Group Interim Results for the Six Months Ended September 30, 2003
(Part 1) Johannesburg, November 24 /PRNewswire/ -- Group highlights
Telkom SA Limited, South Africa's largest communications group
announces interim results for the six months ended September 30,
2003. - 171.1% growth in interim headline earnings per share to
335.9 cents - Group EBITDA margin expansion to 37.8% - 24.9%
reduction in group capital expenditure - Strong interim group
operating free cash flow of R3.9 billion - Group net debt to equity
ratio of 85.1% - Fixed-line data revenue growth of 17.1% -
Vodacom's other African customer growth of 98.1% - Interim dividend
payment of 90.0 cents per share Chief Executive Officer's statement
Sizwe Nxasana, Chief Executive Officer said: "The Group has
delivered an excellent performance across all areas of our business
with financial results exceeding our expectations.

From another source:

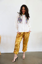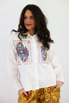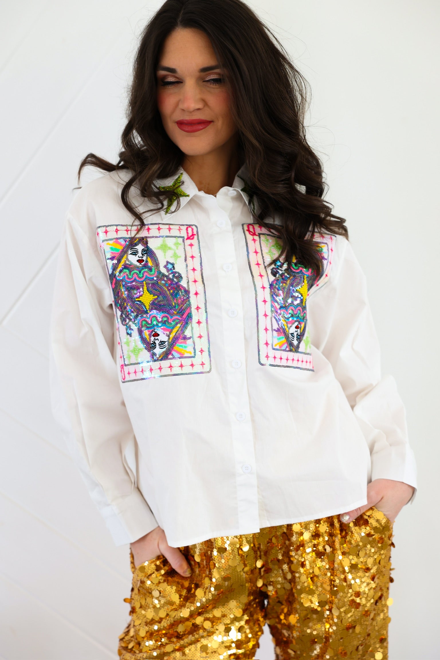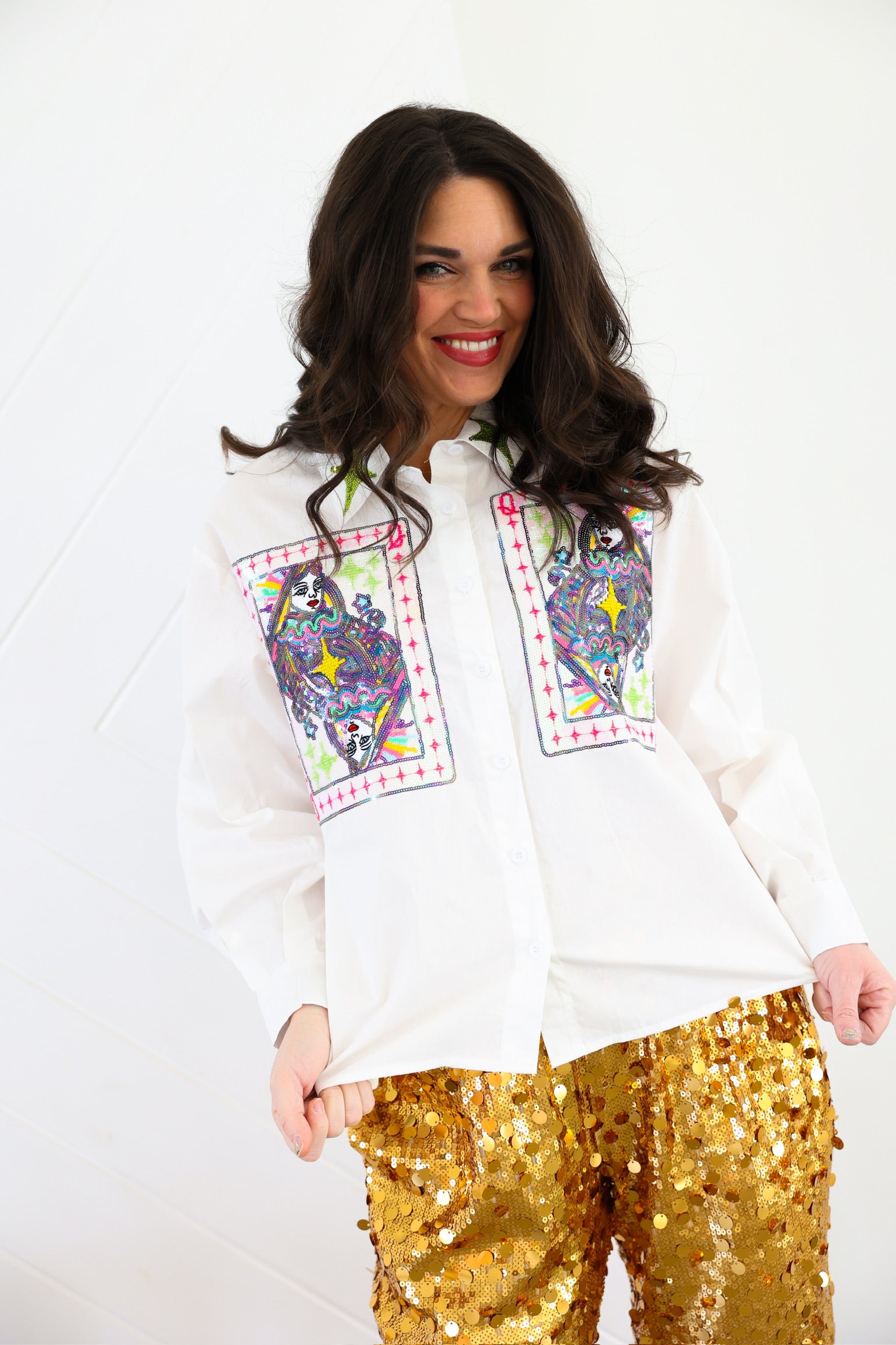 Bold, playful, and unmistakably Queen of Sparkles, this White Queen Card & Sparkle Collar Button Up Top brings statement style with a touch of whimsy. Crafted from crisp white cotton, this classic button-up silhouette is transformed with dazzling sequin Queen card artwork across the front and shimmering star embellishments on the collar for an extra sparkle moment.

We continue to
benefit from the exceptional customer growth in our mobile business
and the margin expansion and strong growth of cash generation in
the fixed-line business. In the period under review, we have
successfully grown our revenue in selected markets by expanding our
integrated product and service offerings; we have increased
profitability and cash flows through strict cost discipline. Telkom
has significantly reduced indebtedness and are pleased to be
reinstating our dividend policy." Operational review The six months
under review saw the continued delivery on group financial targets,
yielding results ahead of expectations. Significant progress has
been made in improving the competitiveness of the fixed-line
business by streamlining the cost structures and increasing
employee efficiencies, with resultant improvements to the customer
experience. The Group has continued to benefit from the strong
growth in the mobile business in South Africa and other African
countries. Fixed-line The fixed-line segment delivered solid
revenue growth, driven largely by data volume growth. Margin
expansion was achieved through a strong focus on cost cutting,
improving productivity, and enhancing the segment's
competitiveness. Capital expenditure has been further reduced, with
future investment focused in areas that drive revenue growth and
efficiencies. In the period under review, good growth was achieved
in value-added services, with these services penetrating 58% of the
residential customer base. In particular, there has been a strong
take-up of products such as ADSL, residential ISDN and basic
voicemail. Prepaid revenue growth remained strong, although growth
in prepaid customers slowed to 4% due to a clean up of all inactive
customers. Prepaid distribution was further improved through
signing contracts with groups such as Standard Bank, First National
Bank and Vodacom. The Group continued to make great strides in its
strategy of becoming the data service provider of choice, with
several new product launches such as VPN Supreme, a dedicated IP
service, CyberTradeMall and TelkomInternet powered by Satellite.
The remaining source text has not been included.